All of the data is to be written out again exactly, without the pictures.

----- DATA EXCERPT -----

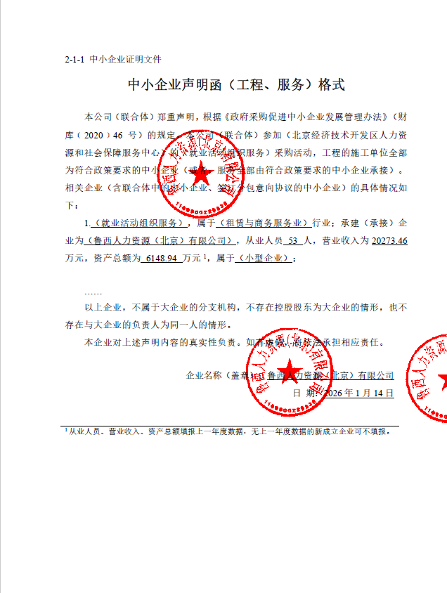 中标成交供应商名称:鲁西人力资源(北京)有限公司
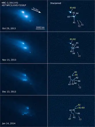 Observations by Hubble on 29 October 2013 showed that component B was initially a single object possessing its own dusty coma and tail. On 15 November 2013, component B began to split into two fragments, B1 and B2, that eventually moved far enough apart to be resolved by Hubble on 13 December 2013.[5]: 12 The fainter fragment, B2, separated from B1 at a relative speed of 0.32 m/s and faded steadily with constant absolute magnitude.[5]: 3, 9, 12 On the other hand, the brighter fragment B1 had its absolute magnitude brighten by more than a magnitude between 13 December 2013 and 14 January 2014, before ejecting another small fragment, B3, that was seen by Hubble on 13 February 2014. This sudden brightening of B1 may be associated with the beginning of B3's separation, based on similar behavior seen in comets before fragmenting.[5]: 12
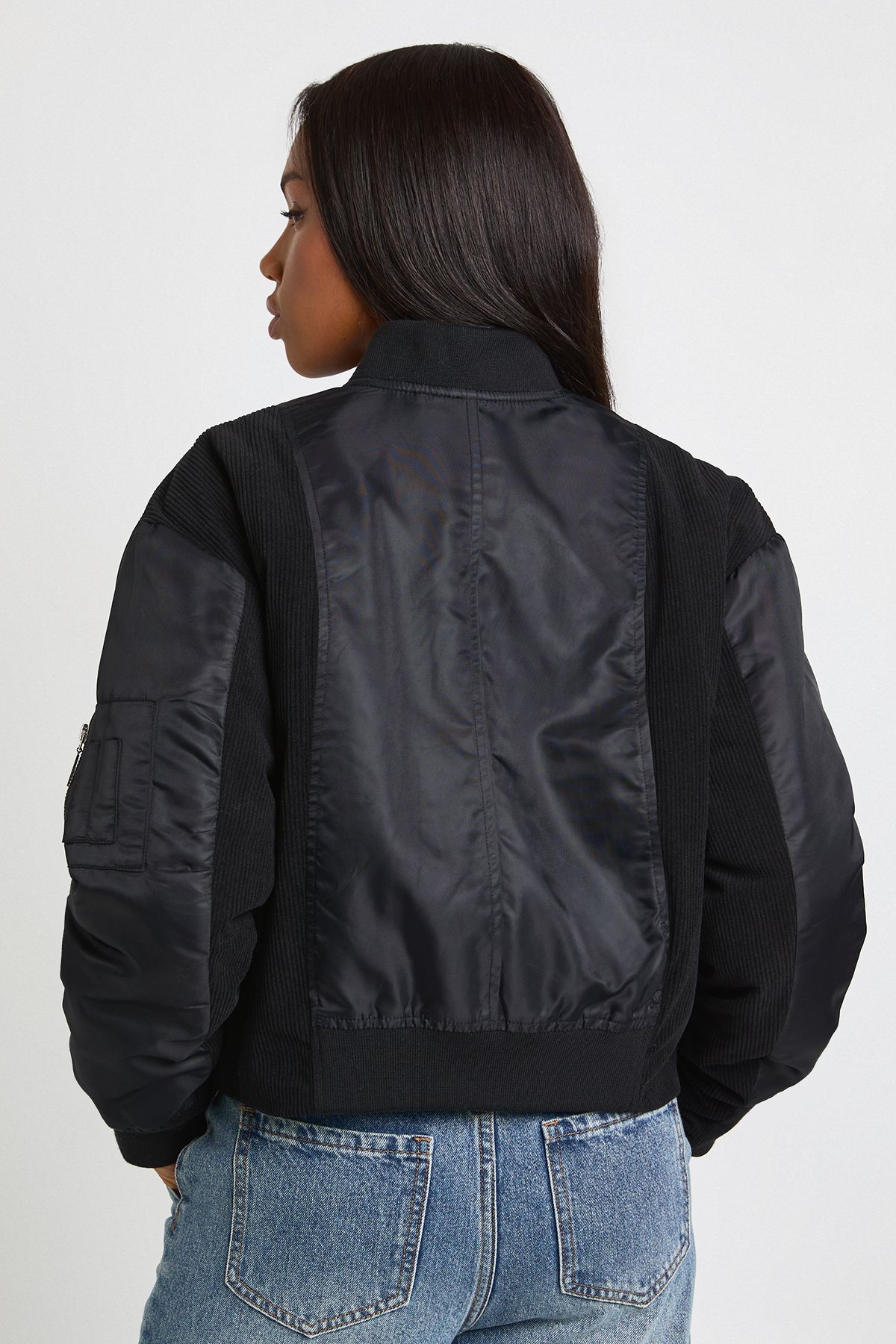 - Make a statement with this eye-catching Contrast Bomber Jacket from Boohoo. The oversized silhouette offers both comfort and on-trend appeal, perfect for layering over your favourite casual outfits. Style with a vibrant striped top and wide-leg jeans for a relaxed weekend look, or throw over a simple tee and leggings for quick coffee runs. The contrast panelling adds visual interest to this versatile piece, making it ideal for family gatherings or casual meet-ups with friends. Complete the look with trainers and a crossbody bag for an effortlessly stylish ensemble that works from day to night. This bomber jacket is the perfect addition to your casual wardrobe, offering both practicality and fashion-forward design in one essential piece.

-----

== RESULT ==
 中标成交供应商名称:鲁西人力资源(北京)有限公司
 Observations by Hubble on 29 October 2013 showed that component B was initially a single object possessing its own dusty coma and tail. On 15 November 2013, component B began to split into two fragments, B1 and B2, that eventually moved far enough apart to be resolved by Hubble on 13 December 2013.[5]: 12 The fainter fragment, B2, separated from B1 at a relative speed of 0.32 m/s and faded steadily with constant absolute magnitude.[5]: 3, 9, 12 On the other hand, the brighter fragment B1 had its absolute magnitude brighten by more than a magnitude between 13 December 2013 and 14 January 2014, before ejecting another small fragment, B3, that was seen by Hubble on 13 February 2014. This sudden brightening of B1 may be associated with the beginning of B3's separation, based on similar behavior seen in comets before fragmenting.[5]: 12
 - Make a statement with this eye-catching Contrast Bomber Jacket from Boohoo. The oversized silhouette offers both comfort and on-trend appeal, perfect for layering over your favourite casual outfits. Style with a vibrant striped top and wide-leg jeans for a relaxed weekend look, or throw over a simple tee and leggings for quick coffee runs. The contrast panelling adds visual interest to this versatile piece, making it ideal for family gatherings or casual meet-ups with friends. Complete the look with trainers and a crossbody bag for an effortlessly stylish ensemble that works from day to night. This bomber jacket is the perfect addition to your casual wardrobe, offering both practicality and fashion-forward design in one essential piece.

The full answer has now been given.